The Boston Wyoming Smelter Site was the site of a copper smelter that processed ores from the nearby Grand Encampment Mining District in Carbon County, Wyoming in the early 20th century. The site includes the former town of Rudefeha and is near Encampment, Wyoming. The smelter was constructed in 1902 by Grand Encampment promoter Willis George Emerson, connected to the main Ferris-Haggerty Mine location by a 16 mi aerial tram over the Continental Divide. The smelter initially produced matte, an intermediate product in copper refining. In 1903 it was upgraded to produce blister copper. Power for the blowers needed for the blister refining process came from a water turbine at the end of a 4 ft diameter wood-stave pipe from the South Fork of the Encampment River, 4 mi away. The smelter could process 300 to 400 tons of ore a day.

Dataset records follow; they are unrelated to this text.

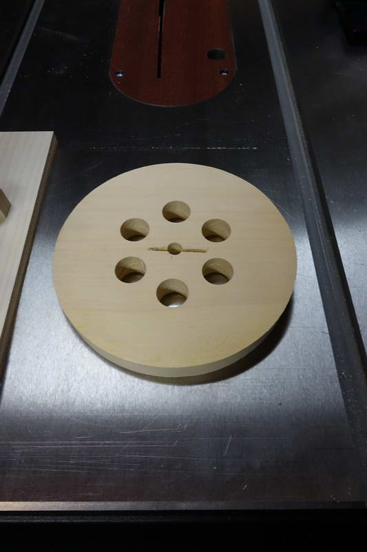 The follower for the eccentric wasn’t as easy. The size of the PVC was between two of my Forstner bits, so I couldn’t just drill it directly. I had to drill it one size smaller and then sand it to make it larger. I couldn’t spin it to make sure that it was staying round, so I just had to be careful and keep trying the fit.
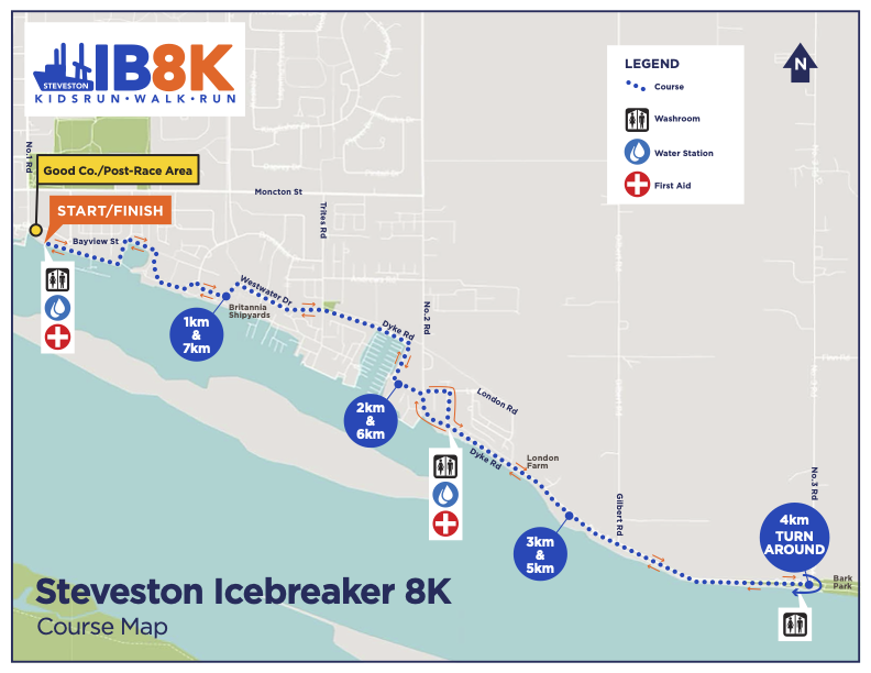 The Kajaks Track & Field Club is pleased to host the annual Steveston Icebreaker 8K and New Balance Kidsrun! The IB8K is Richmond's first and ONLY road race of the year, and the first race in the Lifestages Lower Mainland Road Runners Series. Our race offers a flat and fast course through scenic and historic Steveston. Start your year off with a personal best, and the best views in the city in this family-friendly event!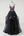 Svart A-linje Spaghetti Stropper Blomster Ruffles Tyll Lang Ballkjole med Splitt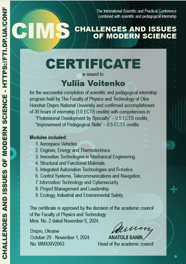 4. Науково-педагогічне стажування «Сhallenges and issues of modern science», 29 жовтня–1 листопада 2024р.: Сертифікат № MMXXIV2063 від 5.11.24 р., 1 кредит. Затв. ВР ФТФ 05.11.2024, пр. №2.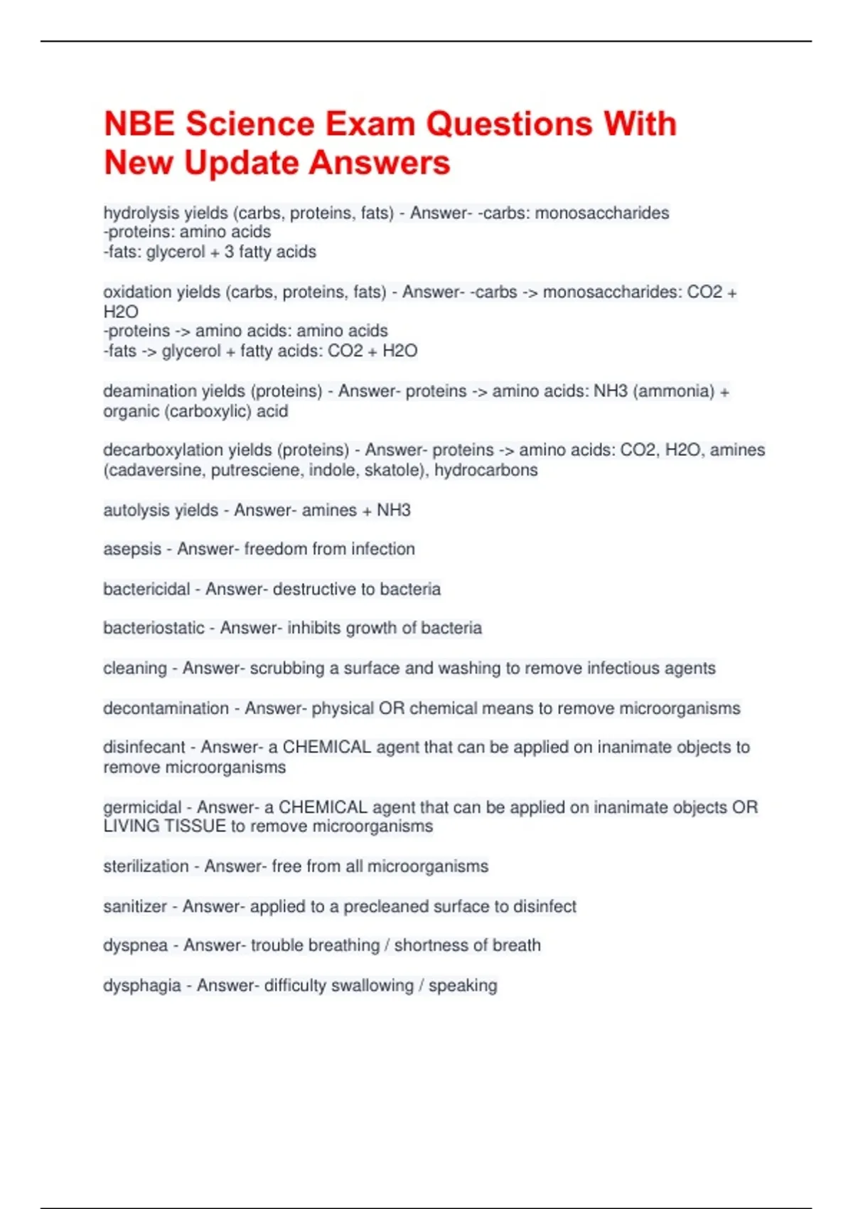 NBE Science Exam Questions With New Update Answers hydrolysis yields (carbs, proteins, fats) - Answer- -carbs: monosaccharides -proteins: amino acids -fats: glycerol + 3 fatty acids oxidation yields (carbs, proteins, fats) - Answer- -carbs -> monosaccharides: CO2 + H2O -proteins -> amino acids: amino acids -fats -> glycerol + fatty acids: CO2 + H2O deamination yields (proteins) - Answer- proteins -> amino acids: NH3 (ammonia) + organic (carboxylic) acid decarboxylation yields (proteins) - Answer- proteins -> amino acids: CO2, H2O, amines (cadaversine, putresciene, indole, skatole), hydrocarbons autolysis yields - Answer- amines + NH3 asepsis - Answer- freedom from infection bactericidal - Answer- destructive to bacteria bacteriostatic - Answer- inhibits growth of bacteria cleaning - Answer- scrubbing a surface and washing to remove infectious agents decontamination - Answer- physical OR chemical means to remove microorganisms disinfecant - Answer- a CHEMICAL agent that can be applied on inanimate objects to remove microorganisms germicidal - Answer- a CHEMICAL agent that can be applied on inanimate objects OR LIVING TISSUE to remove microorganisms sterilization - Answer- free from all microorganisms sanitizer - Answer- applied to a precleaned surface to disinfect dyspnea - Answer- trouble breathing / shortness of breath dysphagia - Answer- difficulty swallowing / speaking cachexia - Answer- wasting away tachycardia - Answer- fast heart rate polydipsia - Answer- excessive thirst dipsia - Answer- thirst TWA - Answer- 8 hours STEL - Answer- 15 minutes TWA action level and PEL - Answer- -action level: .5-.749999ppm -PEL: .75ppm+ STEL action level and PEL - Answer- -action level: none -PEL: 2ppm frederick ruysh - Answer- father of embalming, discovered arterial embalming gabriel clauderus - Answer- embalming without evisceration william hunter - Answer- documented as first arterial embalmer -- used femoral artery john hunter - Answer- hunters canal named after him jean gannal - Answer- wrote first book on embalming - the history of embalming - and helped prohibit the use of arsenic in embalming solutions marcello malpighi - Answer- father of microscopic anatomy / histology, discovered capillaries antony van leeuwenhoek - Answer- father of bacteriology and founded the microscope william harvey - Answer- circulation of blood dr thomas holmes - Answer- father of modern embalming dr richard burr - Answer- why there are more regulations for licensing embalmers henry catell - Answer- embalmed lincoln prince greer - Answer- first black embalmer august renouard - Answer- wrote the first textbook on embalming - the undertaker's manual albert worsham - Answer- postmortem plastic surgery joel crandall - Answer- systematic treatment / restorative art samuel rodgers - Answer- invented the trocar order of decomposition - Answer- carbs, soft proteins, fats, hard proteins, bones order of decomposition (body parts) - Answer- -larynx/trachea lining -infant brain -heart -pregnant uterus -non-pregnant uterus -eyes -soft tissues -hard tissues -blood vessels coronary circulation begins in the ____ and ends in the ______ - Answer- LV, RA systemic circulation begins in the ____ and ends in the ______ - Answer- LV, RA pulmonary circulation begins in the ____ and ends in the ______ - Answer- RV, LA crematory class of waste/incinerator - Answer- -level 4 waste -class 6 incinerator chordae tendinea - Answer- fibrous cords that attach the tricuspid/biscuspid/atrioventricular valves to PAPILLARY muscles in ventricles papillary muscles - Answer- cone shaped muscles in ANTERIOR ventricles traveculae carneae - Answer- ridges by IRREGULAR FOLDS of myocardium in anterior ventricle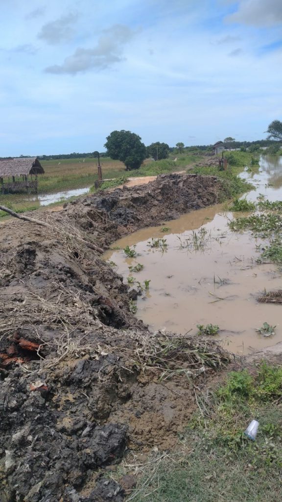 Dan membantu nimbun tanggul pemukiman & lahan sawah pasang surut kampung cinta raja.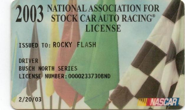 Jonathon held a NASCAR Busch Series License during the 2002 and 2003 racing seasons as solely Rocky Flash.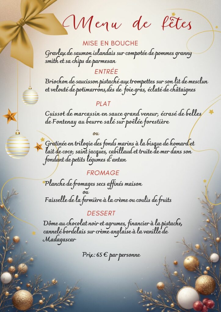Nos plats sont élaborés avec des produits fins, soigneusement sélectionnés pour vous offrir une expérience savoureuse et festive.

A decline in the price of copper, poor yield from the mines, bad weather and financial difficulties plagued the mining venture, particularly after it had been sold to outside investors for $10,000,000 in 1904. A fire in March 1906 destroyed most of the smelter, and another in May set back reconstruction efforts. The smelter was rebuilt, but was under-insured. By 1910 the Penn-Wyoming Copper Company was bankrupt and the smelter was shut down and salvaged in 1913.

All smelter buildings have been removed and the site is used as a trash dump. The foundations remain. The smelter site was placed on the National Register of Historic Places on July 2, 1973.